When FISA Court Rejects a Surveillance Request, the FBI Issues a NSL Instead
An anonymous reader writes We've talked quite a bit about National Security Letters (NSLs) and how the FBI/DOJ regularly abused them to get just about any information the government wanted with no oversight. As a form of an administrative subpoena -- with a built in gag-order -- NSLs are a great tool for the government to abuse the 4th Amendment. Recipients can't talk about them, and no court has to review/approve them. Yet they certainly look scary to most recipients who don't dare fight an NSL. That's part of the reason why at least one court found them unconstitutional. At the same time, we've also been talking plenty about Section 215 of the PATRIOT Act, which allows the DOJ/FBI (often working for the NSA) to go to the FISA Court and get rubberstamped court orders demanding certain 'business records.' As Ed Snowden revealed, these records requests can be as broad as basically 'all details on all calls.' But, since the FISA Court reviewed it, people insist it's legal. And, of course, the FISA Court has the reputation as a rubberstamp for a reason — it almost never turns down a request. However, in the rare instances where it does, apparently, the DOJ doesn't really care, knowing that it can just issue an NSL instead and get the same information. At least that appears to be what the DOJ quietly admitted to doing in a now declassified Inspector General's report from 2008."
>. What went wrong
When the judicial branch ruled it unconstitutional, the executive branch ignored the Constitution and do it anyway.

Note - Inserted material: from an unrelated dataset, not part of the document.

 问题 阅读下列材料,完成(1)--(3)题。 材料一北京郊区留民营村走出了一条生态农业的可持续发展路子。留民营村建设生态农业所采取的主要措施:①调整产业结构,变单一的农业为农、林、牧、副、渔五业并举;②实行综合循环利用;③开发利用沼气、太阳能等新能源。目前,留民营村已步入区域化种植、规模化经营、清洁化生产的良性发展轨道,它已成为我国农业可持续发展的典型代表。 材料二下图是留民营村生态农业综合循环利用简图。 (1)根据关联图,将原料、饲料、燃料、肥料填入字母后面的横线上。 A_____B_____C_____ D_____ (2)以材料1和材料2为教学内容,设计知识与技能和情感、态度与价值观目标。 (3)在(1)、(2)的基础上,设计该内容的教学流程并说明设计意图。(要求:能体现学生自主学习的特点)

When the Congress choose not to change the law and make illegal immigrants legal, the executive branch chose to ignore the Constitution and write their own law.

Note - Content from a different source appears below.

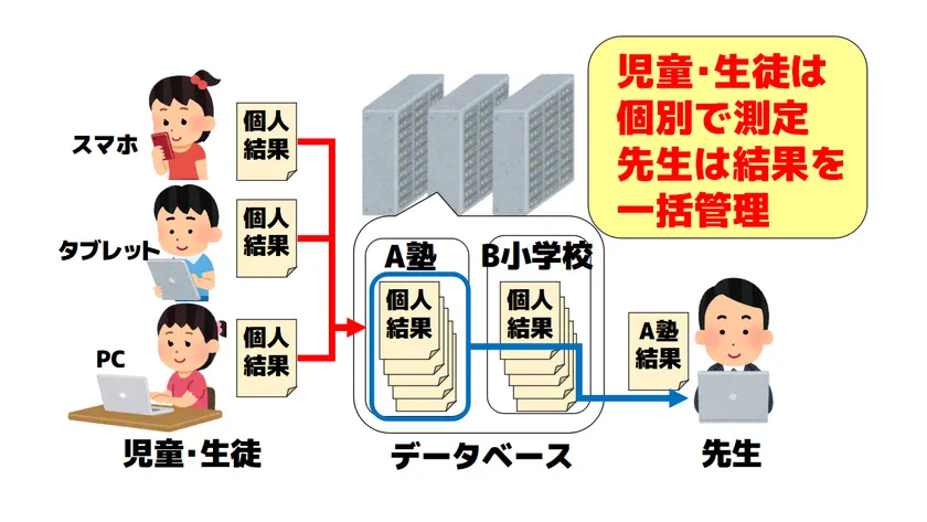 教育機関向けの団体利用モードでは、最初に先生が自分の学校や塾を登録し、学年やクラスなどのグループを作ります。次に、児童・生徒が語彙力の測定を行います。児童・生徒はそれぞれのPC・タブレット・スマホなどの端末からログインし、語彙力を測定します。測定結果は、データベースに保存され、先生は、全員の測定結果をネット上や、ダウンロードして確認できます。

The head of the executive, President Obama, has clearly announced that he considers "the failure of Congress" to do exactly what he wants somehow authorizes him to override Congress. In other words, according to his announcement, he actually believes the only legitimate role of Congress is to rubber-stamp whatever the executive wants - choosing not to implement his policy is a "failure" of Congress , and as such is illegitimate and requires him to override their decision. Never mind his oath to "faithfully execute the law".
[...] before being shuffled off to prison?
This part sounds strange. Can it happen without trial and sentence? If not, how is the proceeding for that?
Apparently you missed Obama signing the NDAA a few years ago, quietly, on New Years Eve as a matter of fact.
They can take you off to 'prison' without charge or trial, without access to a lawyer, and hold you 'indefinitely'.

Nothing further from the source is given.